We need to specify the IP and teh port of the server as well as the message format and the header length. All of these information have to stay the same across the server and all clients.

COMPONENT_NAME = 'aggregation'
PORT = 8080
SERVER = socket.gethostbyname(socket.gethostname())
FORMAT = 'utf-8'
HEADER_LENGTH = 10

To be able to track all the models, we define how many models we expect in our network (e.g. 20).

We also define to memory dictionaries. One two store the message from each model until we received all 20. The other one to store the contribution of each model.

Lastly we create the swergio Client by passing the required settings (NAME, SERVER, PORT etc. ) as well as the prior defined objects as keyword arguments, so they can be refereed to in our handling functions.

NR_OF_MODELS = 20
memory = {}
contribution_memory = {}
client = Client(COMPONENT_NAME, SERVER,PORT,FORMAT,HEADER_LENGTH,memory=memory,contribution_memory = contribution_memory )

We’ll first define a helper function to calculate the aggregated action as well as the contribution of each model.

We therefore convert the action logits first into probabilities and the define a new categorical distribution based on the sum over all models.
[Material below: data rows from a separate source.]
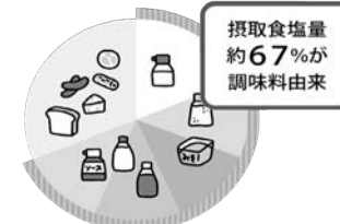
厚生労働省 令和元年 国民健康・栄養調査より作成

日本人が摂取している塩分のうち、調味料由来が67%となっています。減塩するには、「調理に使う調味料」、また「料理にかける食卓調味料」を減らすことが有効です。子どもが好きなマヨネーズ、ドレッシング、ケチャップ、ソースの使い過ぎには注意しましょう。
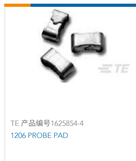
TE 产品编号 1625854-4 1206 PROBE PAD
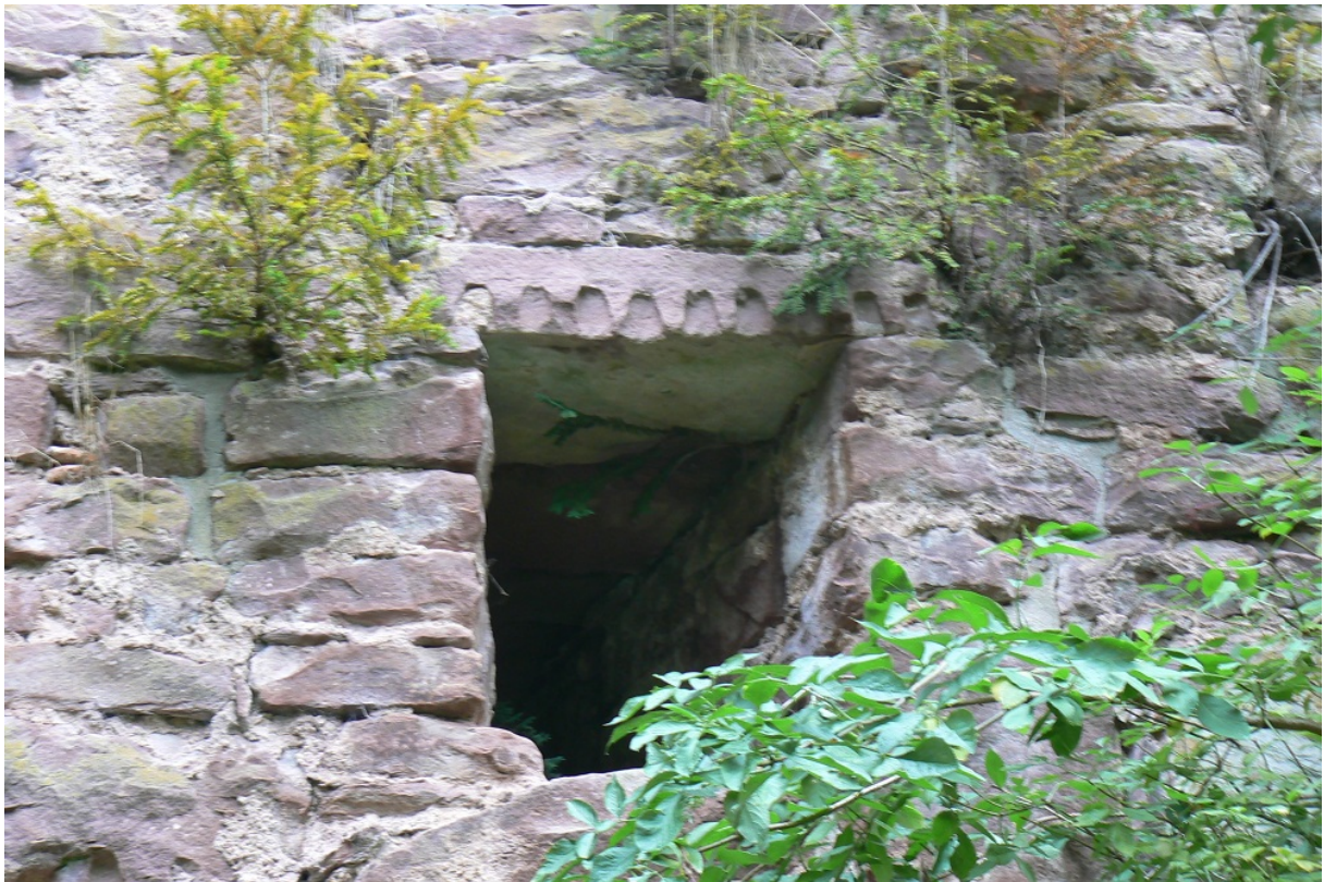
Innenseite einer verzierten Scharte in der Kernburg

In der Zwingermauer befinden sich auf der Halsgrabenseite 5 Schießscharten, 3 befinden sich auf der Südseite und noch 4 weitere auf der Westseite. Die Scharten sind größtenteils als hohe Bogenscharten d ausgeführt und schließen auf eine Bauzeit vor Einführung von Feuerwaffen. Die siebeneckige Kernburg, deren Ringmauer 2 Meter dick, ist betritt man auf der Südseite durch einen Rundbogen. Der Zugang wird von zwei Mauerstücken flankiert. Eventuell befand sich hier ein Torzwinger (Barbakane e ). Im heute ebenen, grasbewachsenen Hof soll einst ein großes Gebäude an der Ostseite am Bergfried gestanden sein. Heute ist nur ein Mauerzug vor dem Bergfried sichtbar. Sicher ist, dass ein Gebäude auch an der Nordostecke gestanden haben muss. Dort sind zwei große Fensterfronten in der Ringmauer der Kernburg integriert. Ebenso befindet sich ein Konsolstein eines Stockwerkes in der Mauerecke. 5 Bogenscharten befinden sich auf der Ost- und Nordseite der Ringmauer. Eine davon (auf der Ostseite) ist durch Ausbruch vergrößert. Die anderen Bogenscharten wurden von innen im unteren Bereich vermauert. Zwei der zur Hofseite wie ein Fenster ausgeführte Scharten sind oben im Gewände verziert.
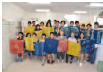
▲【文化】文化財センター講座(染めもの体験)
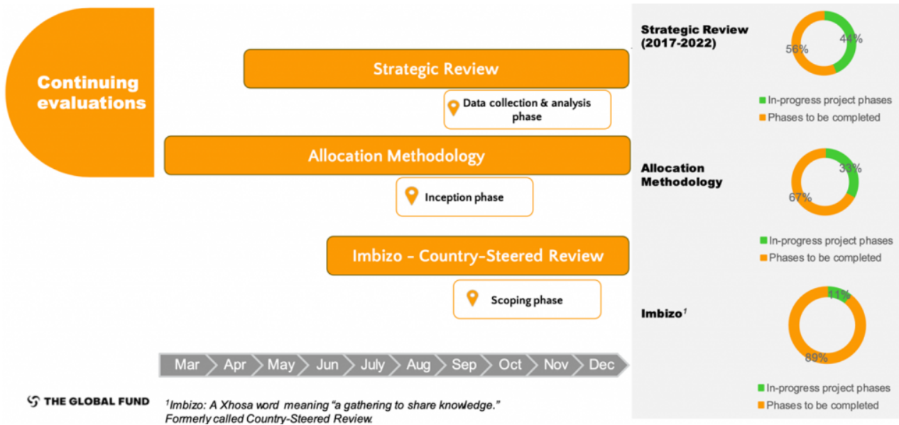
Figure 2. Aperçu de la Revue stratégique 2023 (RS 2023)
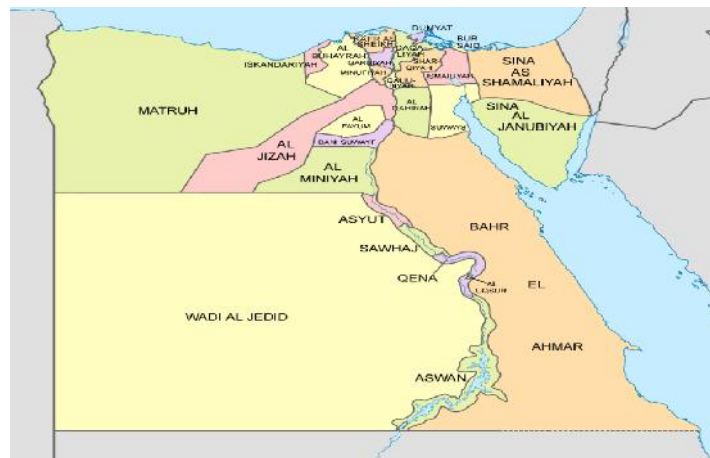
نقشه شماره ۴: تقسیمات سیاسی مصر
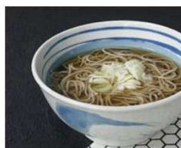
しぶそばご優待券
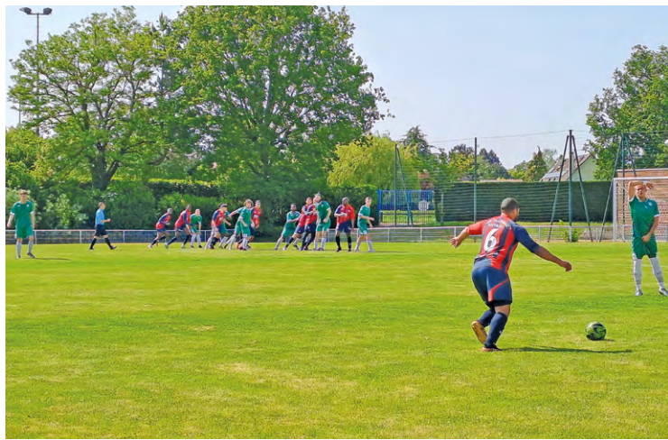
Lors de l'avant-dernière journée, les Maurepasiens (en vert) s'étaient largement imposés face à Villeparisis (photo). Mais après leur déroute au Perreux (4-1) le 4 juin, ils sont condamnés à la relégation.

Les Maurepasiens n'ont pas fait le poids chez le leader, Le Perreux (défaite 4-1), le 4 juin lors de la dernière journée. Ils sont donc relégués en Départemental 1.
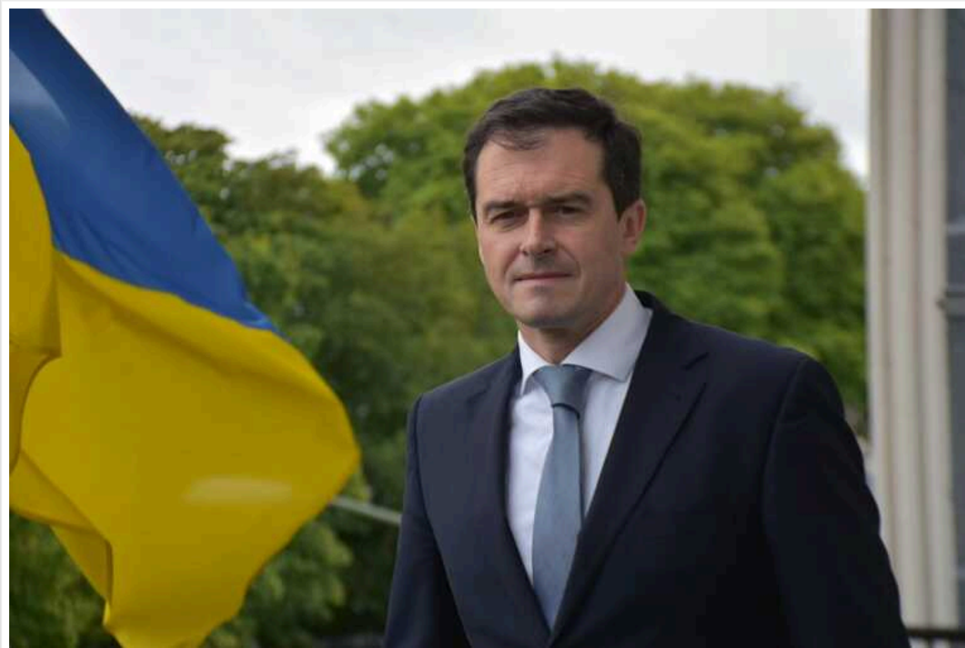
У разі накладання Угорщиною вето на пакет допомоги на 50 мільярдів євро Україні, є кілька варіантів виділити таке фінансування, – посол ЄС

У разі накладання прем'єр-міністром Угорщини Віктором Орбаном вето на лютневому саміті Європейського союзу на схвалення пакета допомоги Україні на 50 мільярдів євро, є кілька способів для Брюсселя виділити таке фінансування, попри позицію Будапешта.
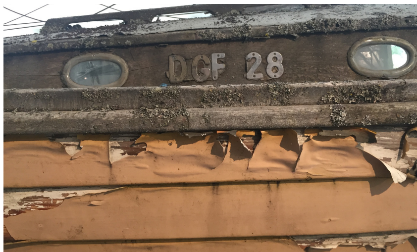
Båtens segelnummer är okänt med ledtrådar finns

In case we need to provide a deterministic action we will return the argmax otherwise we just sample from this distribution. Lastly we calculate the contribution based on the selected action as proportion of the single model probability to the total probability of this action.

def get_action(dict_actions_logits, deterministic = False):
    all_probs = torch.stack([logits_to_probs(torch.tensor(v).unsqueeze(0)) for v in dict_actions_logits.values()])
    probs = all_probs.sum(0)
    dist = Categorical(probs=probs)
    if deterministic:
        action = torch.argmax(dist.probs, dim=1)
    else:
        action = dist.sample()
    action = action.numpy()
    ai = action[0]
    ai_cont = (all_probs[:,:,ai].squeeze()/probs[:,ai]).numpy()
    contribution = {k: ai_cont[i] for i,k in enumerate(dict_actions_logits.keys())}
    return action, contribution

Once we have defined the helper function, we can implement the event handler to aggregate the actions.

Every time we receive a message of DATA.CUSTOM type in the logits room the includes LOGITS information, we will add these to our memory with the COMPONENT_ID as key.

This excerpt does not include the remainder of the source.